Reinforcement Learning for Datacenter Congestion Control

RL-CC is an RDMA congestion control algorithm trained with the analytical deterministic policy gradient method (ADPG) Tessler et al. (IAAI 2022).
This repository conatins the source code and simulator used to train RL-CC for Tessler et al. (IAAI 2022) and Fuhrer et al. (CCGrid 2023).

1. About the NVIDIA ConnectX-6Dx CC Simulator

The CCsim simulator was used to develop the RL-CC algorithm and is based on the omnest 4.6 simulator. The simulator is pre-compiled to run on linux distributions and located in the dir: nv_ccsim/. It contains the following ingredients:
- nv_ccsim/sim/omnetpp.ini - configuration file of the simulation parameters that can be modified by the user. (network parameters, traffic patterns, congestion parameters)
- nv_ccsim/sim/ccsim_release - the executable of the simulator in release mode.

The configuration file contains the three available scenarios: many-to-one, all-to-all, long-short.

it is advised to modify the configurations only if you are familiar with the omnest simulator!

2. Installation

First, clone the project:

git clone https://github.com/NVlabs/RLCC.git

2a. Docker

The docker setup here assumes access to an nvidia-based docker with pytorch and cuda. However, any other standard pytorch docker should suffice too.

Prerequisites:

Docker 19 or newer.
Access to NVIDIA Docker Catalog. Visit the NGC website and follow the instructions. This will grant you access to the base docker image (from the Dockerfile) and ability to run on NVIDIA GPU using the nvidia runtime flag.

CD to project dir and build the docker image:

docker build -t rlcc .

Run the image:

docker run --runtime=nvidia -it rlcc /bin/bash

2b.

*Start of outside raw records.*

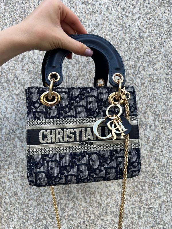 Dior mini textile (Арт:1024) 📐 Розмір: 19 х 16 х 9 см 🧵 Матеріал: текстиль 🔎 Опис: Сумка виготовлена з щільного текстилю з фірмовою прошивкою, прикрашена фурнітурою та брелком золотого кольору. Є одне відділення з темного текстилю з фірмови принтом, невелика нашивка з екошкіри з написом бренду та гаманець. Є брендовий текстильній ремінь-ланцюжок довжиною 110см. 🛍Безкоштовне пакування: брендова коробка, наповнювач, пильник, документи
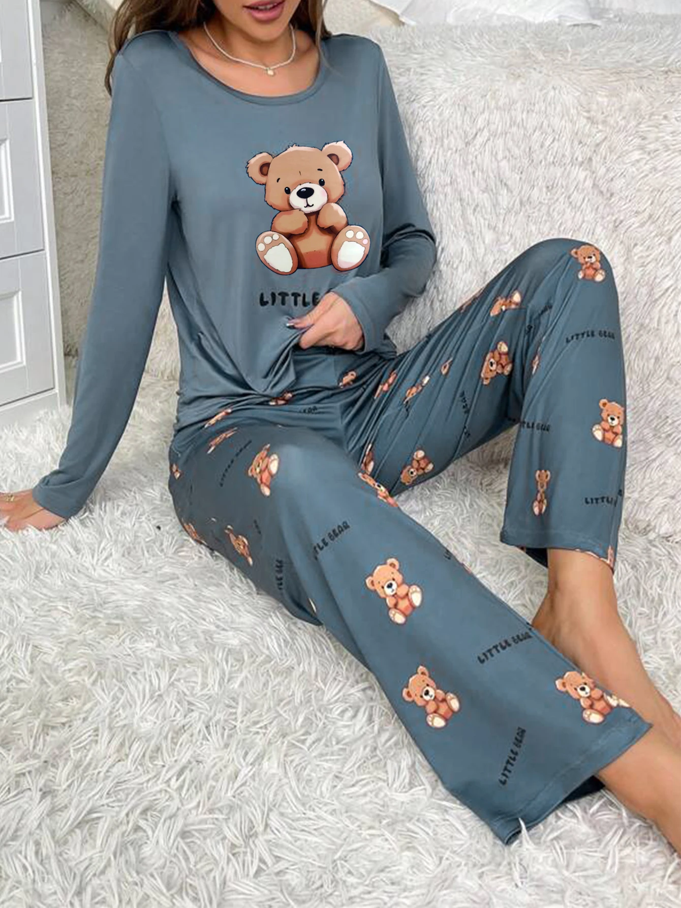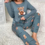 Women Sleepwear Set Autumn Pajama Set Cartoon Bear Print Cute Crew Round Neck Long Sleeve Top Allover Prints Pants Homewear Set
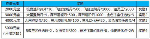 2)活动期间内当天累计充值达到5000元宝,即可获得
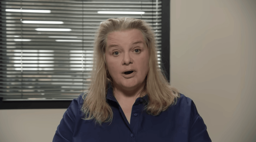 “Do I want to support the vision of my branch manager?” she hypothetically asks the camera, unblinking like Hannibal Lecter. “At all costs.” Hopefully that vision includes raising crow awareness in the form of her pet crow Russell, who appears to be let loose with the gusto of Dwight’s bat nemesis. No crows in New Zealand, just saying.
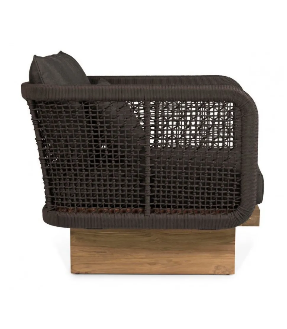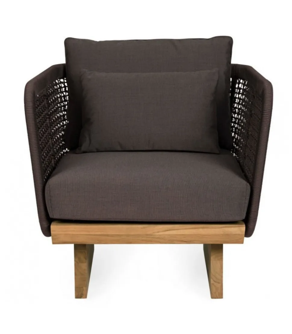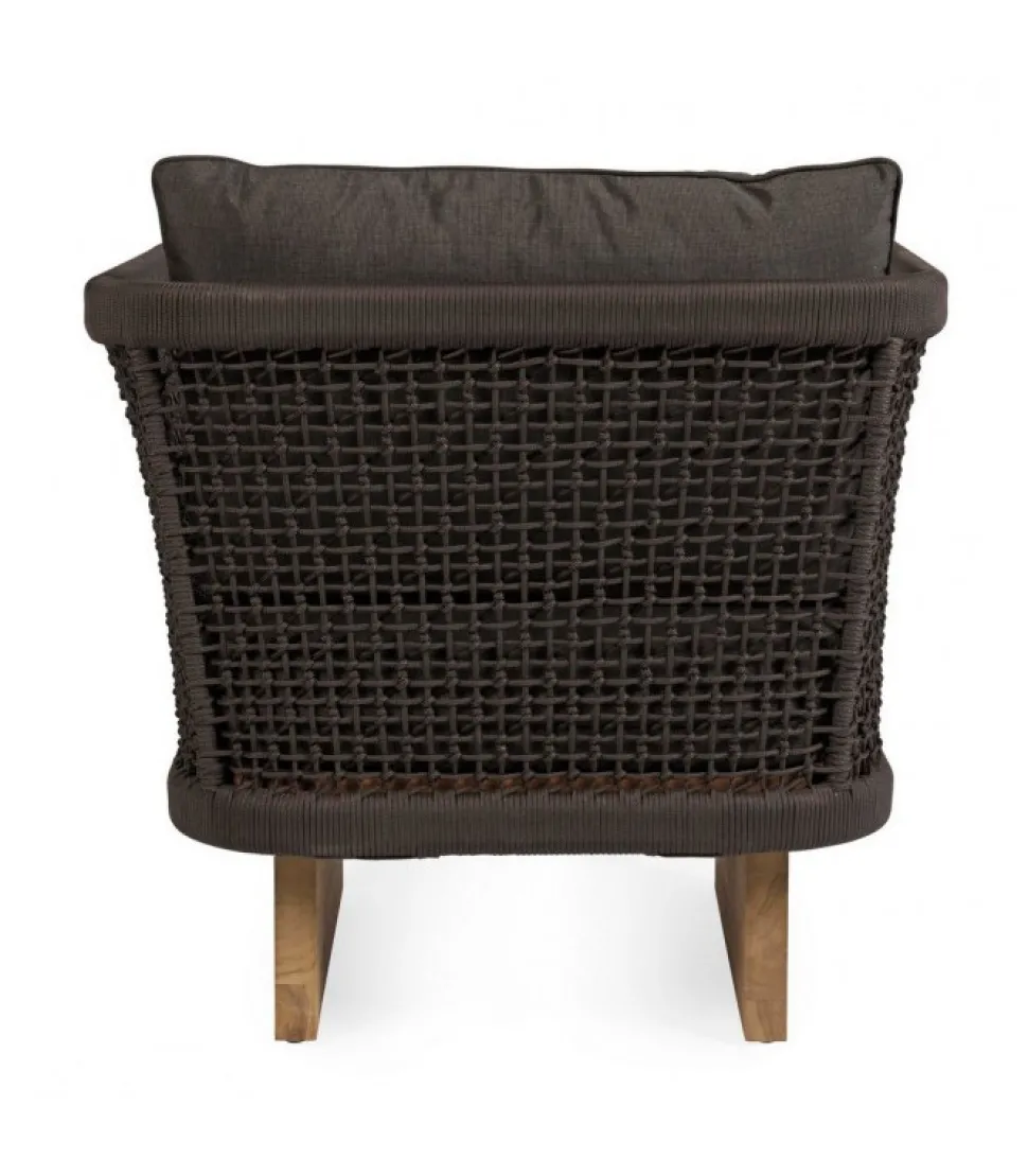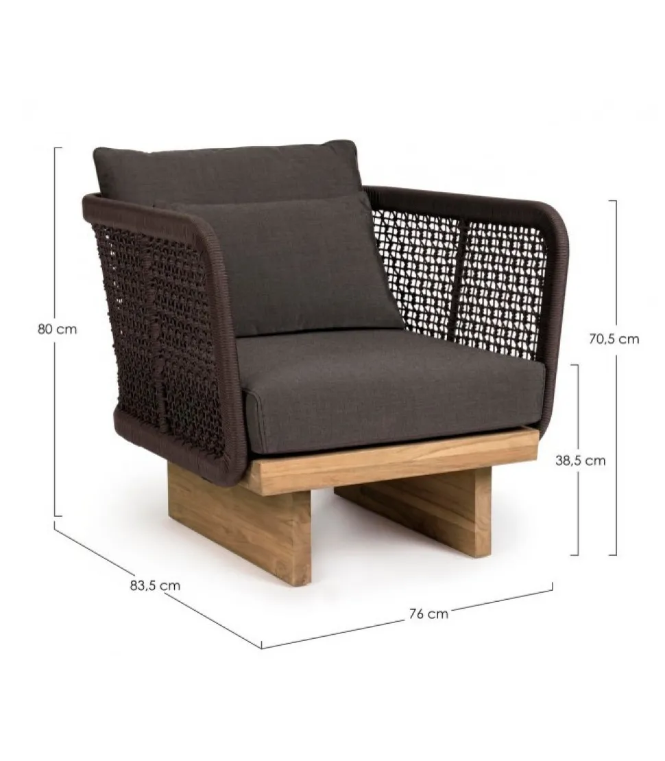 Poltrona C-C Xylia Dark Struttura In Alluminio Verniciata A Polvere (Poliestere). Seduta E Gambe In Teak – Svlk (Legno Certificato Proveniente Da Foreste Sostenibili) Con Finitura Rustica. Intreccio Per Esterno In Corda (Polipropilene), Idrorepellente E Resistente Ai Raggi Uv.Cuscini Sfoderabili Con Tessuto Sunbrella (100% Acrilico), Idrorepellenti E Resistenti Ai Raggi Uv. Imbottitura Per Esterno Quick Dry Foam (Antiumidita’). – Dimensioni In Cm. 76 (L.) 83.5 (P.) 80 H – 38.5 ( H1) 70.5 H2

Local installation

Before installing RL-CC make sure to install Python version >= 3.7.

Install requirements by running

pip install -r requirements.txt

3. Running RL-CC

Running RL-CC is done from reinforcement_learning/run.py.
When running RL-CC there are two separate phases: training and evaluation. Both phases require configuring the RL-CC agent and the CCsim environment.

Default configurations per RL-CC agent type are available at reinforcement_learning/configs as yaml files. All parameters are modifiable and can be overloaded through the CLI. Below is a detailed list of all available parameters and how to configure them.

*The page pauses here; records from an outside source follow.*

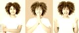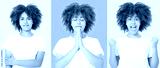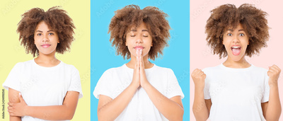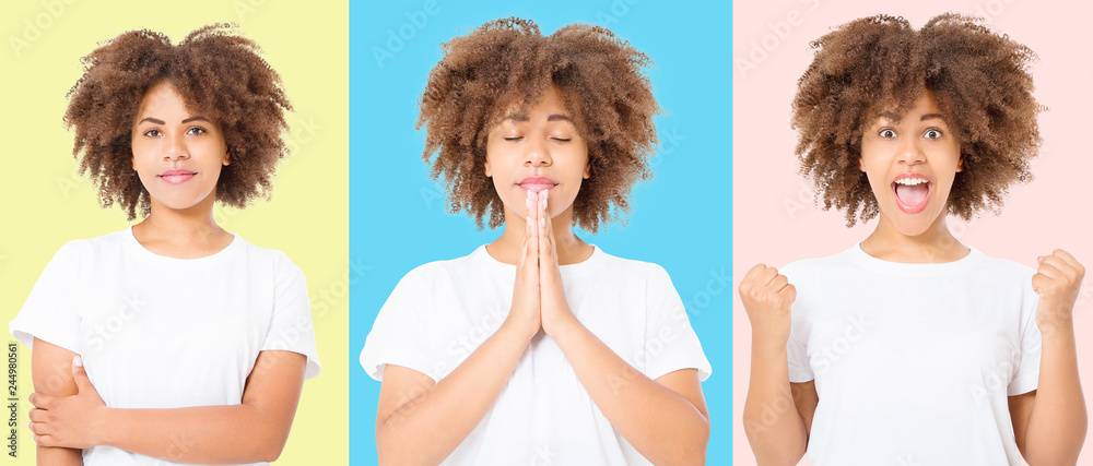 Happy and praying collage of young dark skin woman isolated on colorful background in tshirt clothes. Copy space. Mock up. White template blank summer t shirt. Curly hair girl
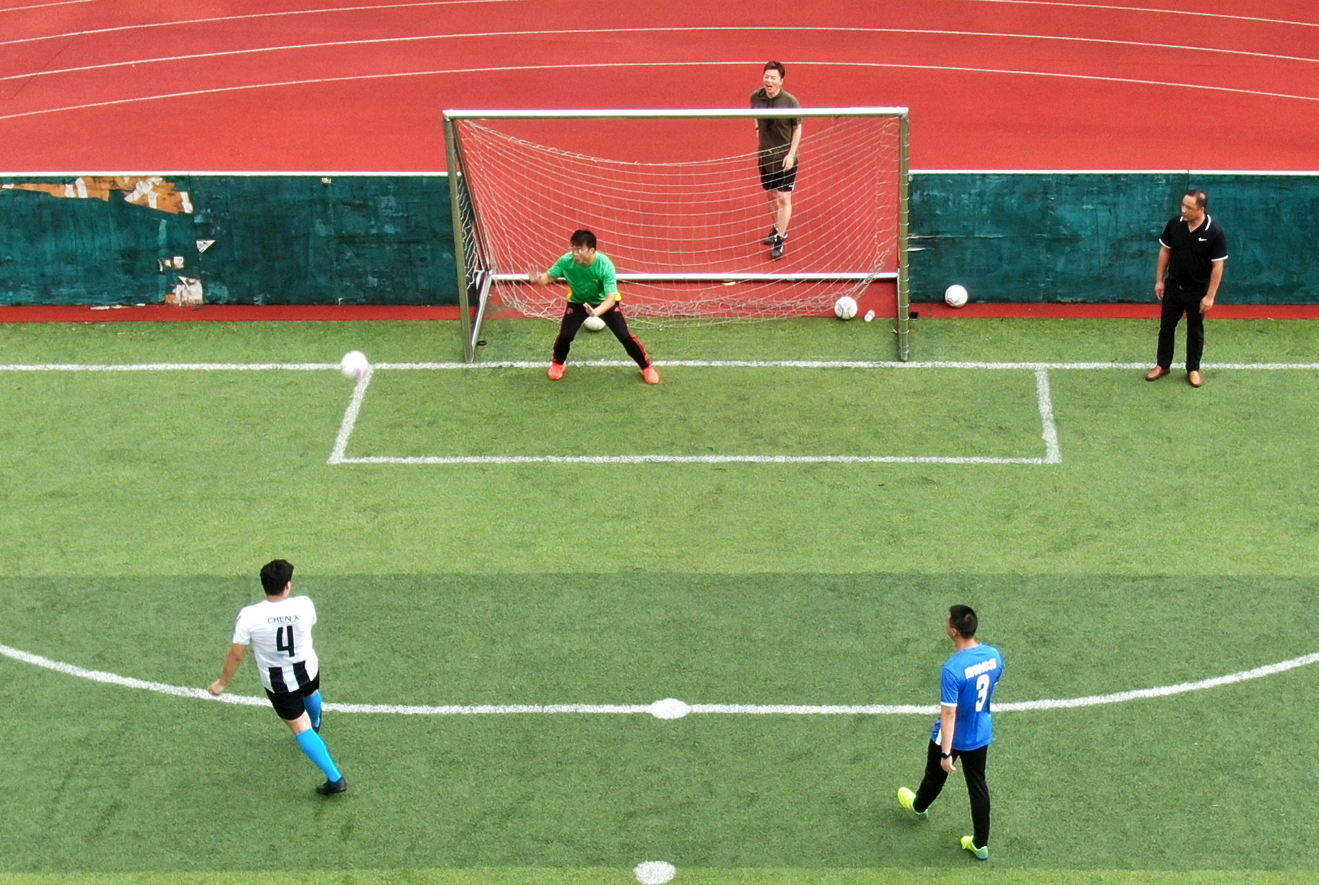 陈山勇参加七残会盲足比赛射门场景。(资料照片)
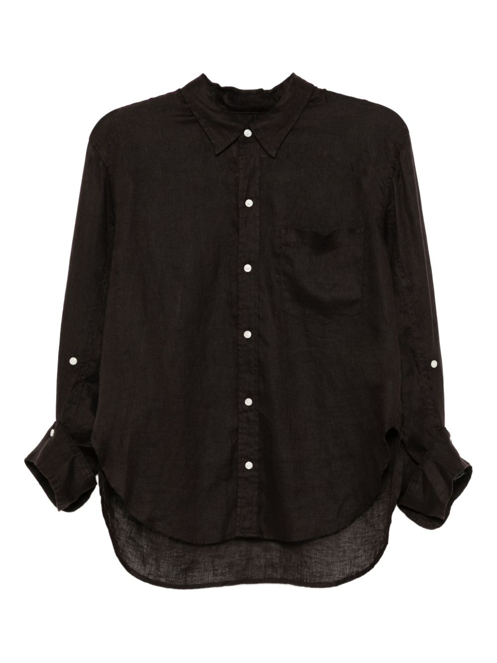 Kayla Shrunken linen shirt Highlights - Chocolate brown - Front buckle fastening - Classic collar - Buttoned-cuff sleeves - Chest patch pocket Made in United States Composition Linen/Flax 100% Washing instructions Machine Wash
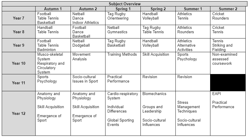 Physical Education is a core practical subject for students in Years 7-11. Students can choose GCSE Physical Education (AQA) as an option at the end of Year 9 and A-Level Physical Education (OCR) in Year 12.
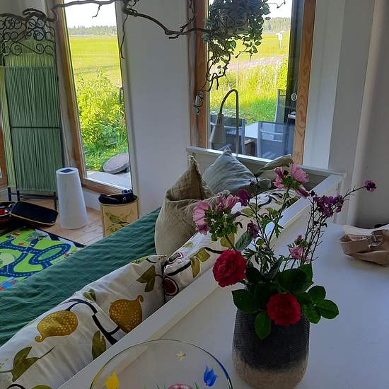Beskrivning Stuga nära havsbad och naturupplevelser. Soluppgång, trandans och lekande rådjur ser du på ängen innan havet tar vid. Stugan har på 38 m2 ett sovrum med dubbelsäng ett allrum med dagbädd med 2 80 sängar. Ett matbord med 4 platser. Kök och badrum har kyl/frys, micro spis/ugn. Dusch, vattentoalett. Tvättmaskin. Luftvärmepump som kyler/värmer beroende på när ni vill hyra. El ingår inte. Uteplats med grill. Trädgården sköts av mig så den är bara att njuta av. Långhyra eller semesteruthyrning är båda intressant. Flyttstädning görs...

3.1 Agent Configuration Parameters

## Agent parameters
agent:                  "RL-CC may be trained with five agent types/algorithms:
                         PPO, DQN, SUPERVISED, random, ADPG"
agent_features:         "features used as input to policy, choices: 
                         nack_ratio, cnp_ratio, bandwidth, bytes_sent, 
                         rtt_inflation, cur_rate, action, adpg_reward"
history_length:         "number of past observations to use as input to the policy"
evaluate:               "run agent in evaluation mode" 
action_multiplier_dec:  "percent of action multiplyer for decreasing the transmission rate"
action_multiplier_inc:  "percent of action multiplyer for increasing the transmission rate"

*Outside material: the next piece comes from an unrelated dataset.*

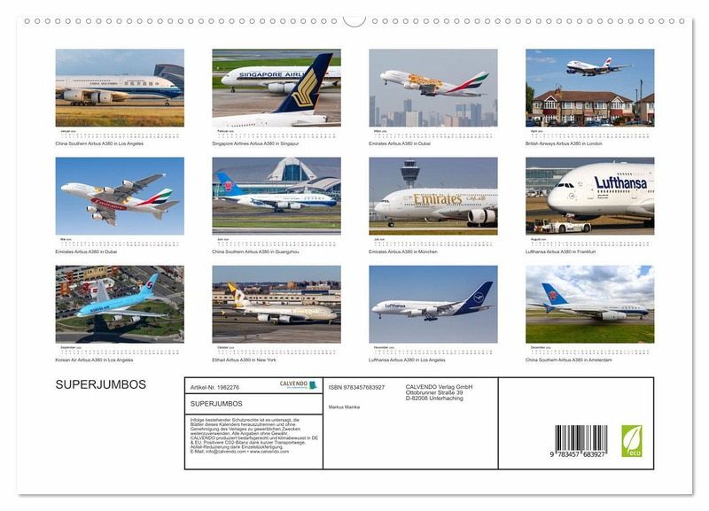 QUALITÄT - Hochwertiger Fotokalender mit 12 wunderschönen Motiven auf lichtbeständigem Bilderdruckpapier, robuste Spiralbindung mit Aufhängebügel.NACHHALTIG - deutliche Abfallreduzierung durch bedarfsgerechte Einzelstückfertigung, umweltfreundliches FSC-zertifiziertes Papier, Produktion in Deutschland, klimabewusste Logistik.PERFEKTES GESCHENK - Kalender für Freunde und Familie, für Kinder und Erwachsene, jung und alt, zu Weihnachten, Geburtstag oder zwischendurch.VIELFALT - Bildkalender in verschiedenen Formaten, z.B. DIN A5, DIN A4, DIN A3 sowie DIN A2. Ob Naturmotiv, Gemälde oder Fotos, ideal für ein persönliches Wohlfühlambiente.Die schönsten Fotos vom Airbus A380 von Autor(in): Markus Mainka
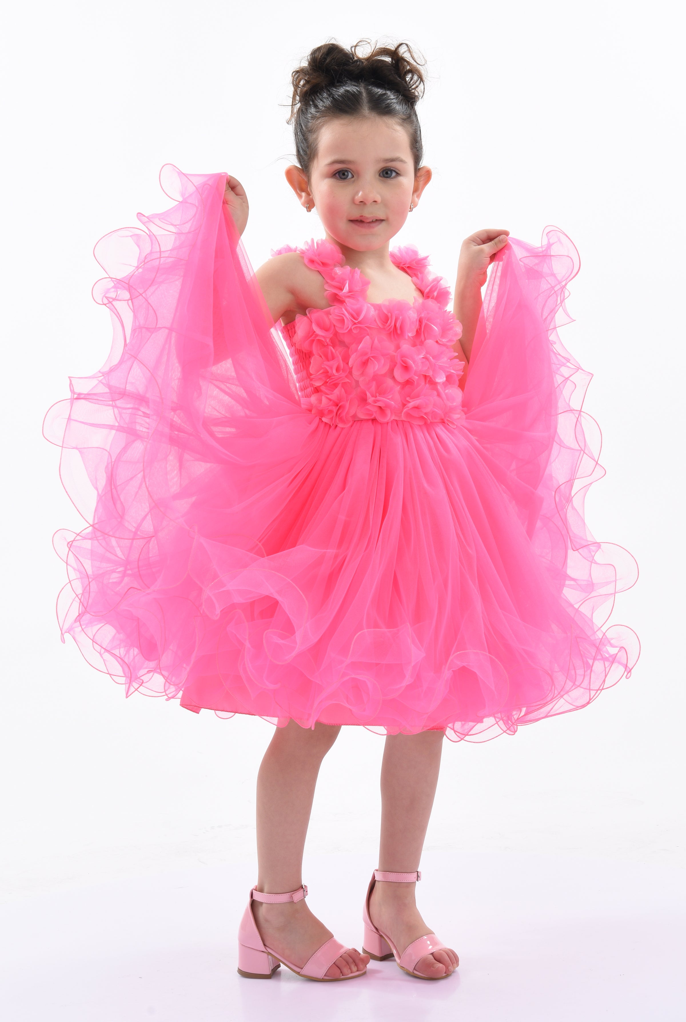 The Neon Pink Rose Campanula Dress for kid and baby girls from Tulleen is a vibrant and eye-catching choice for any special occasion.

3.2 CCsim Environment Parameters

## CCsim parameters
scenarios:           "list of scenarios to run on (see below for detailed explanation)"
envs_per_scenario:   "number of environments per scenario"
verbose:             "verbosity level of NVIDIA CCsim (recommended verbose=False)"
restart_on_end:      "restart scenario if it finishes before training ends"
multiprocess:        "run RL-CC on multiple processes in parallel"
port_increment:      "RL-CC interacts with the NVIDIA CC simulator via a TCP socket. 
                      port_increment specifies which port to connect to."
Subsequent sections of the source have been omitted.